Овеянный сырым холодом, Вячеслав очнулся. На улице ревел огромный грузовик.

Узоры занавесок скользнули по стенам. В нахлынувшей тишине уловил хрипловатое

дыхание матери.

- Ты, мам?

- Вставай, кабы не опоздал на работу.

Она присела на край дивана, прислонилась холодной щекой к его затылку. Горячее

дуновение задело ухо Вячеслава.

- Папа где?

- По улицам слоняется. Беда мне с вами.

Не отворачиваясь от стены, он нашел своей рукой руки матери. В армии они

вспоминались мягкими, гладкими, невесомыми. И то, что теперь они были шершавы, со

вздутыми жилами и раздавшимися суставами, испугало его. Глубокая старость.

Приближение немощи. Тревога, как бы внезапно не умереть.

- Прости, мам.

- Чё ты - «прости»?

- Обещал спокойствие, а заставляю страдать.

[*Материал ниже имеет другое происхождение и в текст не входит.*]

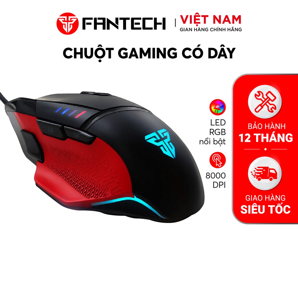 Chuột máy tính Gaming FANTECH X11 DAREDEVIL 8000DPI LED RGB 16,8 Triệu Màu 8 Phím Macro - Hãng phân phối chính hãng Bảo hành 12 tháng THỜI GIAN GIAO HÀNG SIÊU TỐC ĐỘ - Đơn giao hỏa tốc: Thời gian từ 1-3 giờ sau khi xác nhận đơn. - Đơn giao bình thường: Thời gian từ 1-3 ngày sau khi xác nhận đơn. Chuột gaming FANTECH X11là chuột chơi game công thái học, với phần thân lõm vào vừa với ngón tay của người sử dụng, tích hợp đèn LED RGB cực ngầu, phù hợp với thị hiếu của đa số game thủ 8 NÚT MARCO Thiết kế 8 nút Macro dễ dàng điều chỉnh, cho phép người chơi kiếm soát hoàn toàn trò chơi và nhu cầu đa phương tiện khác của mình. THIẾT KẾ ERGONOMIC & BỀN CHẮC Thiết kế Ergonomic (Công thái học) tay phải nhầm mang lại sự thoải mái cho người dùng, giảm bớt áp lực, cầm nắm ôm tay và tạo cảm giác thoải mái nhất cho game thủ, ngay cả khi phải thi đấu trong nhiều giờ liền. HỆ THỐNG LED RGB 16.8 TRIỆU MÀU TINH CHỈNH BẰNG PHẦN MỀM Tích hợp công nghệ RGB thông minh cho phép tùy chỉnh hoàn toàn ánh sáng mỗi phím với gần 16,8 triệu màu, gia tăng trải nghiệm chơi game. Thiết kế ít ánh sáng lọt xung quanh mũ phím, giúp ánh sáng đi qua nhiều hơn các chữ cái, khiến cho mỗi phím rực rỡ và dễ tìm hơn trong bóng tối. CHUYỂN ĐỔI DPI TỨC THÌ 200-8000 DPI Thực hiện chuyển động phù hợp trong mọi tình huống trò chơi. Chuyển đổi giữa 4 cài đặt DPI, từ nhắm mục tiêu chính xác đến từng điểm ảnh (200 DPI) tới điều khiển nhanh tựa ánh sáng (lên tới 8000 DPI). THÔNG TIN SẢN PHẨM - Độ phân giải quang học đến 8000 DPI - Độ bền: 20 triệu lần click - Đèn nền: LED RGB cò phần mềm tùy chỉnh - Chiều dài cáp: 1.8m bện nylon - Kích thước: 130mm x 75mm x 42mm - Số nút: 8 nút có chức năng MACRO - Cảm biến quang học - Giao diện kết nối: USB. CHÍNH SÁCH BẢO HÀNH - Bảo hành chất lượng sản phẩm 12 tháng. Với phương châm quyền lợi của khách hàng là quan trọng nhất, Fantech Việt Nam xây dựng chính sách đổi trả dành cho khách hàng như sau: - Trong vòng 15 ngày đầu sau khi mua hàng. - Tất cả các sản phẩm tuân theo điều khoản bảo hành tại thời điểm xuất hóa đơn cho khách hàng. ĐỊA CHỈ TRUNG TÂM BẢO HÀNH: - HCM: Số 19/14 Hồ Văn Huê, Phường 9, Phú Nhuận, HCM Hotline: 0912 334 833 Thời gian làm việc: 8h - 17h30 (Thứ 2 -Thứ 7). --------------------------------------------------- THÔNG TIN THƯƠNG HIỆU Fantech là thương hiệu thiết bị phát triển nhanh nhất thế giới dành cho game thủ. Fantech chuyên tâm vào chế tạo và phát triển các sản phẩm hướng tới game thủ PC như laptop chơi game, phụ kiện máy tính, thiết bị ngoại vi máy tính chơi game khác nhau, thiết bị đeo và phụ kiện. - Thành lập: Năm 2009 - Trụ sở: Indonesia. ZACOM VIỆT NAM - Phân phối chính thức sản phẩm �Fantech tại Việt Nam - Tên đầy đủ :Công Ty TNHH ZACOM VIỆT NAM - Địa chỉ: 19/14 Hồ Văn Huê, Phường 09, Quận Phú Nhuận, Thành phố Hồ Chí Minh, Việt Nam. - Điện thoại: 0912 334 833

- Виноватить не смею. Сам знаешь: мы с отцом убегом поженились. И моложе.

Терпления не хватает. Сами одно исделали, с тебя требуем другое... Напраслину легко

призвисти.

Леонид незаметно прокрался в комнату, включил люстру, проказливо прыгал перед

зажмурившимися Устей и Вячеславом.

Он сцапал Вячеслава за ногу, потащил с дивана, беззаботно приговаривая:

- Мы пахали, ибо ночью будем резать трактора...

25

Перевозчиков еще не был отчимом Тамары, когда Вячеслав увидел его впервые.

Вячеслав выходил из квартиры, чтобы спуститься к Тамаре, которая пригласила его по

телефону мигом примчаться - ей принесли на полчаса ролик с записями поп-музыки, и тут

на лестничной площадке раздалось клацанье.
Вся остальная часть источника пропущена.